Publication year - 2014
Publication title -
angewandte chemie international edition
Language(s) - English
Resource type - Journals
SCImago Journal Rank - 5.831
H-Index - 550
eISSN - 1521-3773
pISSN - 1433-7851
DOI - 10.1002/anie.201309684
Subject(s) - biotinylation , tryptophanase , odor , biochemistry , chemistry , biosensor , enzyme , analyte , chromatography , tryptophan , amino acid , organic chemistry
An odor‐based sensor system that exploits the metabolic enzyme tryptophanase (TPase) as the key component is reported. This enzyme is able to convert an odorless substrate like S ‐methyl‐ L ‐cysteine or L ‐tryptophan into the odorous products methyl mercaptan or indole.

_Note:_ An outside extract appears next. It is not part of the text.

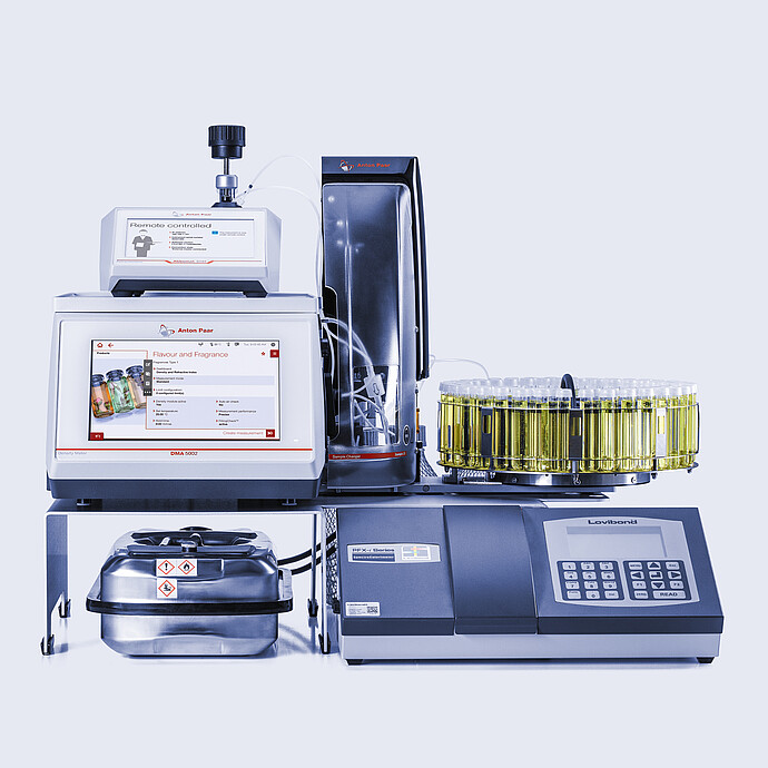 香精香料通常需要昂贵且耗时的提取。香精和香料测量系统提供了综合测量(密度、折光率)及选配参数(旋光度、色度),以减少质量控制所需的样品量并极大降低分析成本——尤其是玫瑰油等物质。根据模块的不同,它可以在每个周期低于 10 ml 下运行,允许在测量后回收样品,并保留您贵重的提取物。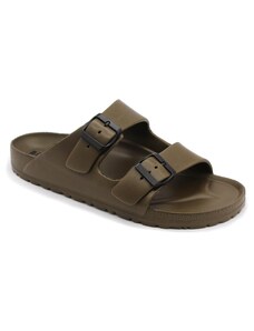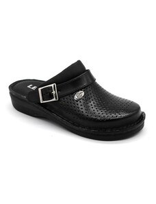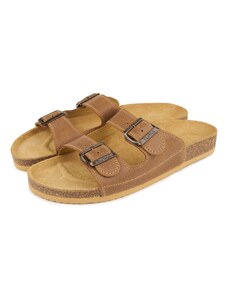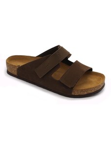 Férfi nappabőr (nagyon puha felsőrész) nyitott papucs, műanyag csúszásgátlós talppal. Mind a két szíj csattal szabályozható. A talpbetét puha, zselés bőr. Ajánlott mindennapos használatra: otthonra , utcai viseletre vagy munkahelyre ( több órás, szaladgálós munka alatt sem fárad el a láb ).

To make a biosensor, TPase was biotinylated so that it could be coupled with a molecular recognition element, such as an antibody, to develop an ELISA‐like assay. This method was used for the detection of an antibody present in n M concentrations by the human nose. TPase can also be combined with the enzyme pyridoxal kinase (PKase) for use in a coupled assay to detect adenosine 5′‐triphosphate (ATP). When ATP is present in the low μ M concentration range, the coupled enzymatic system generates an odor that is easily detectable by the human nose. Biotinylated TPase can be combined with various biotin‐labeled molecular recognition elements, thereby enabling a broad range of applications for this odor‐based reporting system.